Carlo Francesco Nuvolone dipinse la Purificazione nel 1645, capolavoro in cui si manifesta tutta quella dolcezza, nella quale immergeva anche i temi drammatici e la quale gli meritò la denominazione di “Guido Reni della Lombardia”. La Purificazione era stata richiesta per l’Oratorio del chiostro maggiore dall’organismo più potente di Piacenza, il Collegio dei Mercanti, di cui in quegli anni fu console il conte Bernardo Morando, primo letterato di corte e autore di un diario sulla peste del 1630. Egli aveva aperto le commesse anche verso Genova, di cui era originaria la sua famiglia; infatti nel 1643 aveva chiesto a Domenico Fiasella la Madonna e San Bernardo per la secondo cappella a destra della stessa chiesa di S. Vincenzo; egli si fece seppellire proprio presso quell’altare. Anche il canonico Pietro Maria Campi, il maggiore storico piacentino prima di Cristoforo Poggiali, volle essere sepolto in S. Vincenzo, benchè l’epigrafe che ricordava questa illustre sepoltura nel sagrato si sia perduta da oltre un secolo.

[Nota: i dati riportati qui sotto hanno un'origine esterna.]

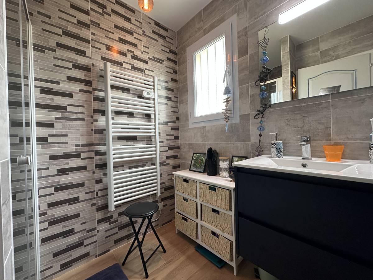 The well-appointed sleeping area is composed of four bedrooms and a bathroom. Attached garage and large storeroom with second shower. The rear garden, sheltered from view, benefits from a very pleasant western exposure.
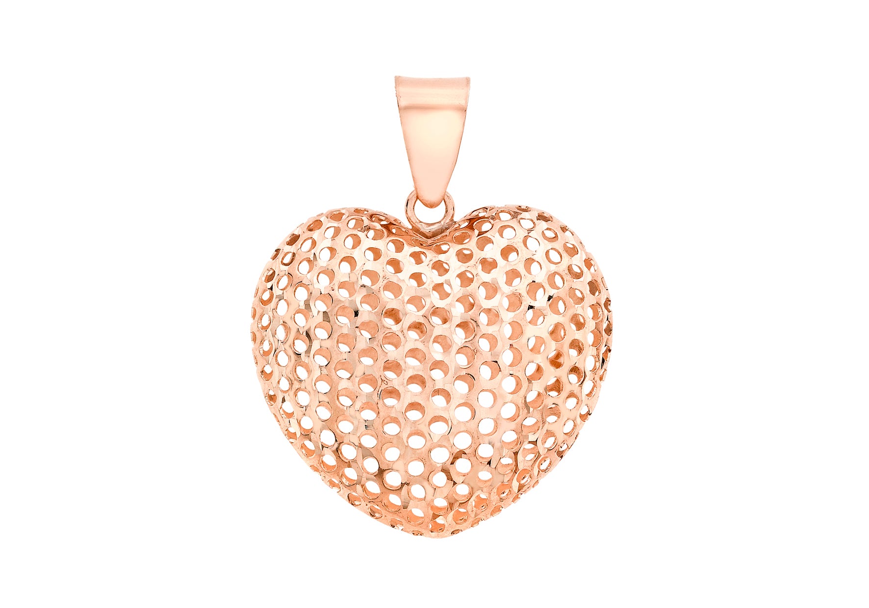 Delicate yet distinctive, this pendant offers a refined expression of modern romance. The openwork heart is intricately woven in a fine mesh pattern, creating a subtle interplay of texture and light against the warm blush tones of polished rose gold.
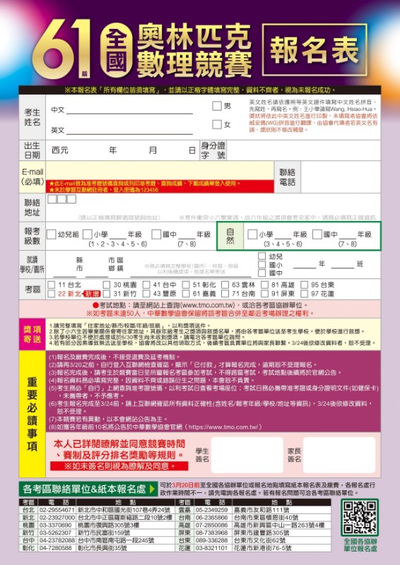 中華數學協會為推廣幼兒、國小及國中之數理教育,謹訂於114年4 月27日(星期日)舉辦 「第61屆全國奧林匹克數理競 賽」,旨在培養學童對數理的興趣,為國家培育優秀人才。歡迎共襄盛舉。
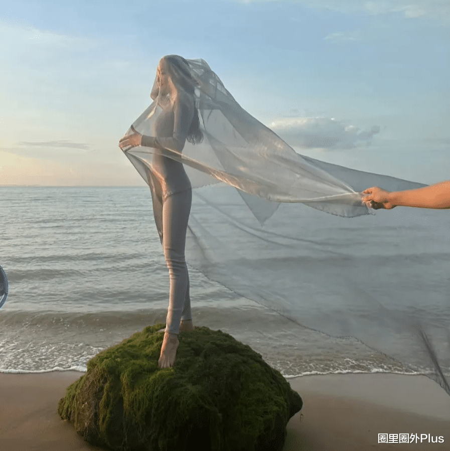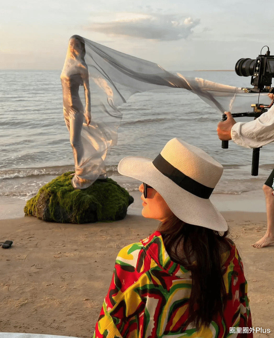 画面中,舒淇宛如一位刚从海面升起的人鱼姬,微风轻拂,丝巾飘动,仿佛是恋人的温柔触碰。海天一色,夕阳下的光影与薄纱丝巾交织,完美地勾勒出她的曼妙身姿,视觉冲击力十足。

Tutti questi sei grandi dipinti della chiesa di S. Vincenzo, sopravvissuti alle incerte vicende degli ultimi trent’anni, si possono fortunatamente vedere esposti nella PINACOTECA di Palazzo Farnese; osservandoli attentamente, si può notare come i Teatini avessero scelto pittori di grande qualità senza badare alla diversità dell’impostazione artistica e tanto meno ai costi.
La più impegnativa impresa, la decorazione delle superfici del coro e del transetto e poi della cupola e della navata centrale furono realizzate nei decenni successivi. Nel santuario e nel coro le architetture scenografiche furono affidate ad Andrea Galluzzi piacentino (1689-1719), allievo di Francesco Galli Bibiena, mentre i tre riquadri delle pareti del coro furono affrescati da Roberto De Longe, fiammingo stabilitosi a Piacenza nel 1686; nei tre quadri il Martirio di S. Vincenzo di Saragozza, martirizzato sotto Diocleziano nel 304, diacono, dopo la Tortura dello strazio degli arti davanti al prefetto Daciano e la Detenzione in prigione sopra cocci acuminati (dove avviene il miracolo della potente illuminazione, subisce infine il Supplizio sulla graticola; è un martirio molto simile a quello di S. Lorenzo, pure diacono e pure originario di Saragozza, morto sotto Valeriano 50 anni prima a Roma, dove aveva seguito il papa Sisto II, martirizzato con lui. S. Vincenzo è invocato come protettore degli orfani, delle vedove e dei poveri.
Nella cupola e nei bracci del transetto, sempre con scenografie del Galluzzi, le figure furono dipinte da Giovanni Evangelista Draghi, genovese stabilitosi a Piacenza nel 1683 in una casa dei chiostri del Duomo. I dipinti del De Longe e del Draghi sono di qualità notevolmente alta per la cura compositiva e formale e per la brillantezza cromatica; ora sono da studiare a fondo e vanno rapportati alle loro altre numerose opere diffuse nelle chiese e nei palazzi della città.
La volta della nave centrale per l’elegante ornato fu affidata ai milanesi Felice Biella e Federico Ferrari e terminata nel 1761; i vivaci ritratti commemorativi dei santi venerati dai teatini si riconducono al secolo successivo.
La chiesa di S. Vincenzo è la maggiore di quelle possedute dal Comune di Piacenza (S. Ilario. S. Tomaso, Carmine) ed è l’unica completamente affrescata della città, a parte la chiesa di S. Teresa, e quindi ha un valore aggiunto rispetto ad altre delle numerose chiese sopravvissute alla prepotenza napoleonica e all’incuria dei contemporanei.